Right after bonus season is the correct answer. :D
What is this mystical "bonus season" you all keep talking about? I've never had a bonus in my life, and I never will.
For federal early retirees, the usual "last day of the month" rule doesn't apply because we're not eligible for a pension yet anyway. But federal leave payouts are based on your base rate in effect at the time you retire, so retiring January 1 is better than December 31 because it gives you the new (presumably ~1% higher) base pay rate, assuming Congress actually approves one.
Past January 1, it's a good idea to work long enough to show at least $5500 of earned income, so that you can max your Roth IRA for the year.
Past that, it makes sense to max out your 401k match. Federal TSP matches are up to 5% per paycheck, not based on your annual salary, so it doesn't help you as much to frontload them as much as it does at some private 401k plans, where you could presumably work just long enough to make the full 18k annual contribution. The problem here is that depending on your income level and family size, you may not have any taxable income anyway, if you only work for a few months of the year to max your 401k and Roth. In which case the 401k/TSP is only nominally better than your taxable investment account.
Beyond that, consider your SS contributions. Your SS payment is based on your 30 highest earning years, so you derive some benefit from working long enough to displace one of your lowest earning years. For most of us that's easy, since we're going to have a bunch of zeroes in our 30 year work history, having worked for less than 30 years.
Generally speaking, retiring at the end of a pay period will earn you whatever sick and annual leave were awarded for that pay period. It's only hours, but together might get you an extra day of pay. Similarly, count your paid holidays. If you get a free day off next week anyway, you might as well work four days and get paid for five more.
Figure out how your pension is calculated. Mine is based on months of service (with surplus days totalling less than one month discarded), so there's a tiny benefit to working an integer number of months in my entire career.
If you have kids (I do), and are planning on using the FAFSA simplifed needs test, things get significantly more complicated depending on the timing of their base year. Sometimes, it makes sense to deliberately limit your income in the year you retire, to qualify for additional aid.
If you have rental properties you're planning to sell (I do), then the timing of the sale matters for purposes of capital gains adding to your earned income. It would suck to go through all of the above math to maximize benefits, then crush it all because you suddenly get hit with $50k of capital gains from the sale of a property.

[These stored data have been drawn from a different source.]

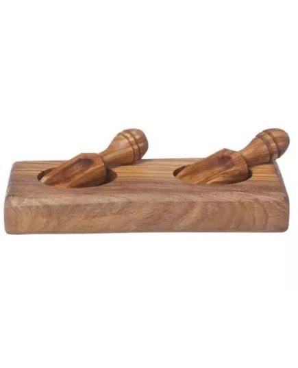 Ξύλινo σετ βάση και σέσουλες για αλατοπίπερο 4643191 Cosy & Trendy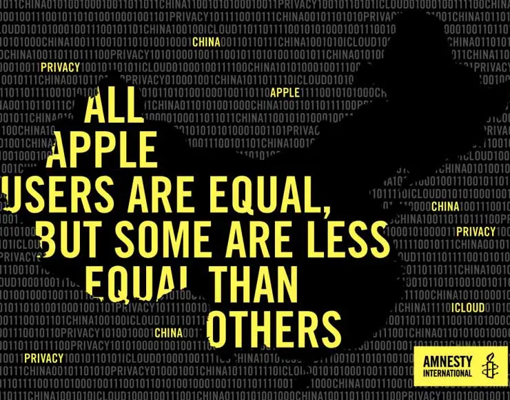 Amnesty International ha lanciato una nuova campagna sui social media, in cui contesta ad Apple il “tradimento” di milioni di utenti cinesi di iCloud i cui dati personali “saranno sconsideratamente a disposizione del governo cinese”. Con un richiamo al noto spot televisivo “1984” di Cupertino, la campagna dell’organizzazione che si occupa di diritti umani, riprenderà il tema orwelliano con lo slogan riadattato “Tutti gli utenti di Apple sono uguali ma alcuni sono meno uguali di altri”.
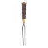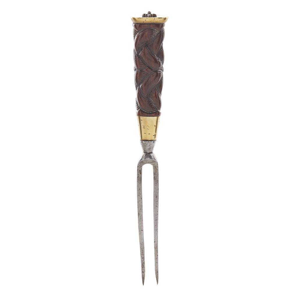 the finely carved wooden handles with interwoven basket weave pattern with simple brass pommel cap with finely cut steel nut, set with brass collar mounts to simple tapered knife blade and two prong fork (2)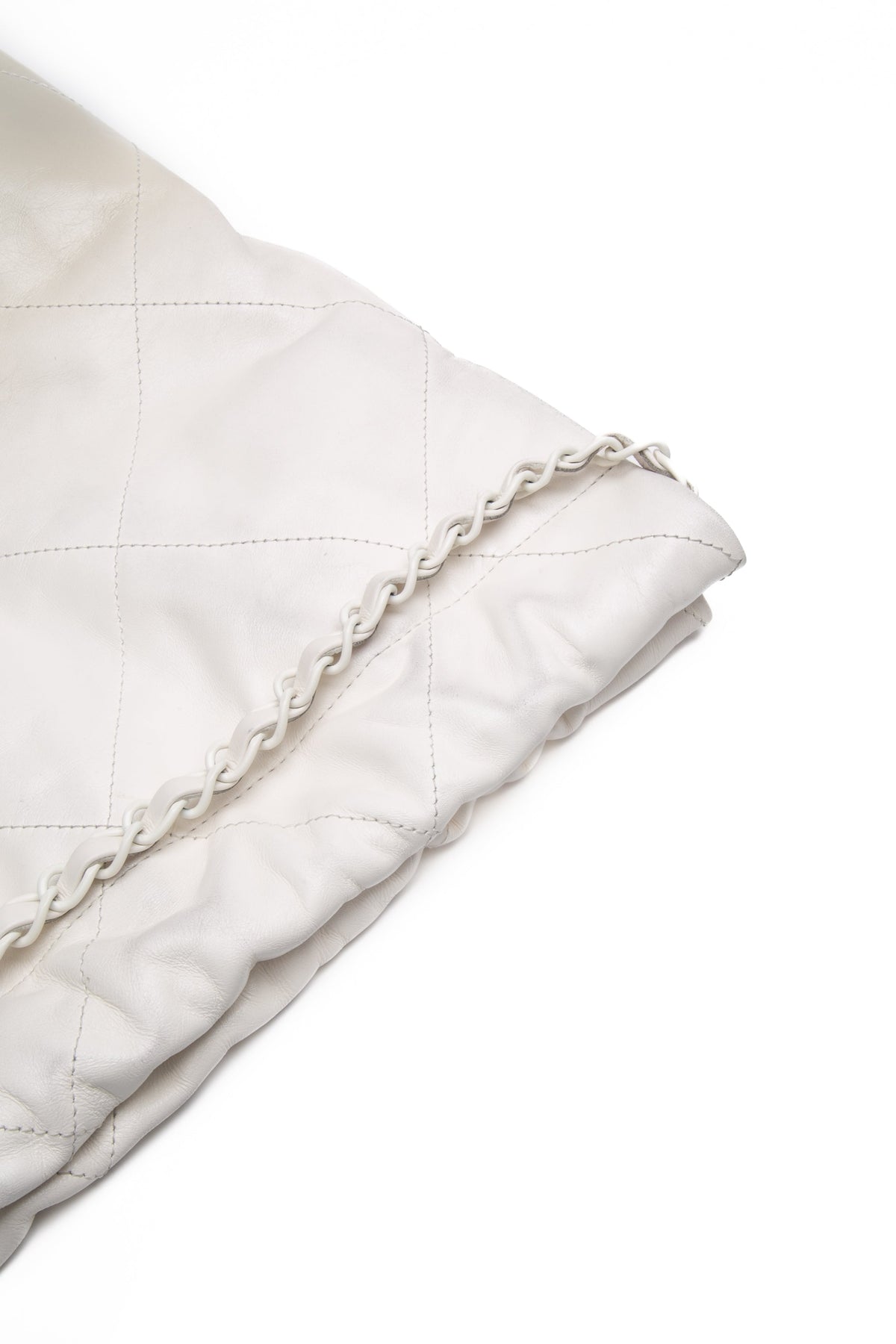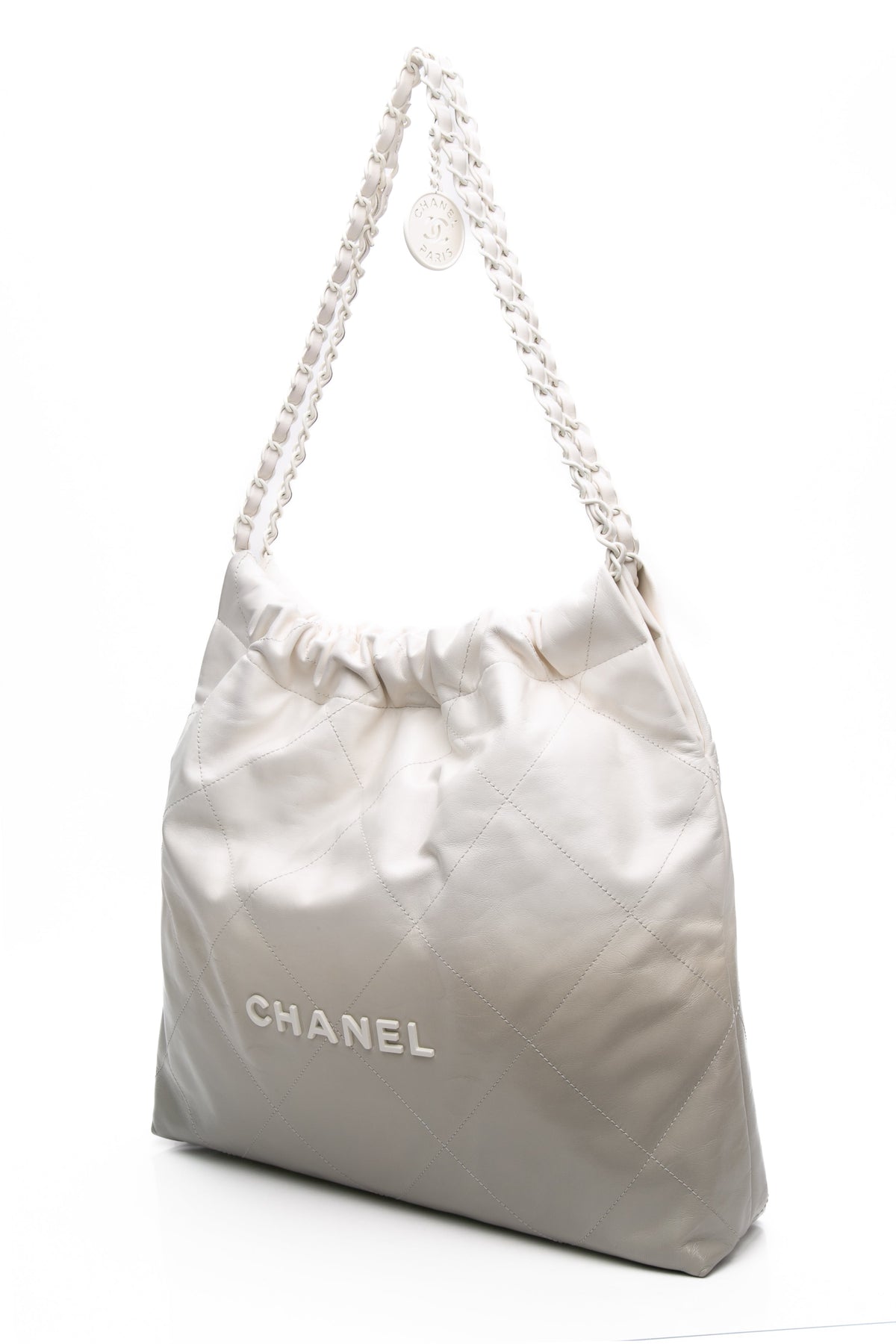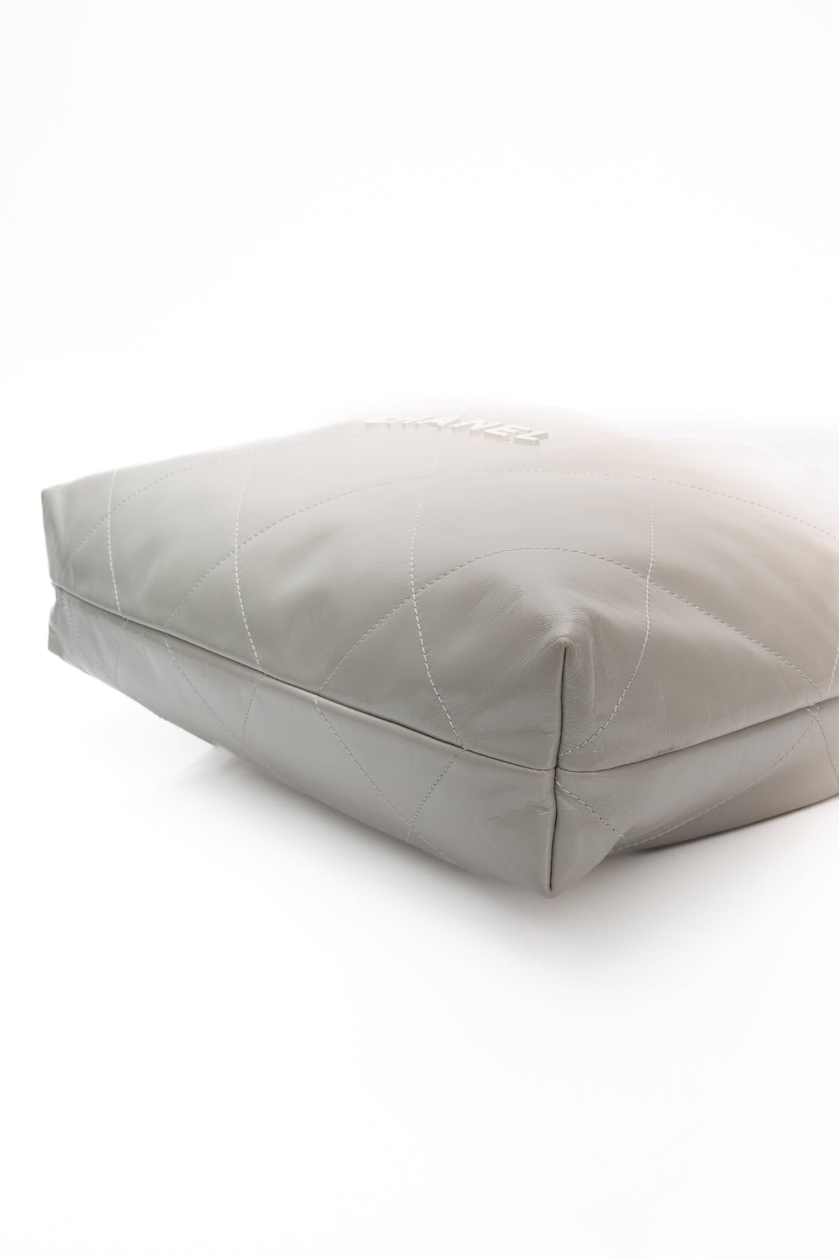 CHANEL 22 White Light Grey Calfskin Quilted Hobo Bag

Do you want to apply for the EITC? If your dividend income is low enough, you can incur a negative tax rate by earning a few thousand dollars during the calendar year and qualifying for the EITC refund. It's potentially worth over $6k in free money.
How are your annual leave and sick leave credited? Do you get paid for them? Federal early retirees get royally shafted on this one, so it definitely makes sense to spend your leave balances down to zero by any means possible before you retire. Like if you've been postponing an elective surgery, the time to do it is before you retire so that you can bank a month or more of sick leave recovery time. Likewise for annual leave, take a series of long vacation is you have to, even if that means quitting on the day you get back from one. Don't pretend your employer cares about you by letting guilt convince you to not claim the benefits in your employment contract. They would fire you on the spot if they thought it financially prudent, so feel free to quit on the spot if you're really truly ready.
Do you get LWOP? Leave Without Pay is an option for some people, and in the case of federal employees LWOP of less than six months does not impact your summation of creditable service. Which means you can work six months and a day in a calendar year, take LWOP for the rest, and still have the entire year credited towards your pension calculation. It only gets you an extra half a percent of your high-3 (or high-5 if Republicans get their way), but it's not nothing.
For most of us, who are working professionals with good incomes, all of these details are effectively rounding errors. I'd be much better served to work a single extra month than to get all of the above exactly optimized. The extra income could go 100% to savings, generating returns indefinitely. And that's always been the problem with early retirees and the OMY problem. You start out crawling towards your goal, and then the journey accelerates continuously until you eventually rocket past your goal amount at warp speed. At that point, even slight delays on pulling the ER trigger are worth years and years of your earliest efforts.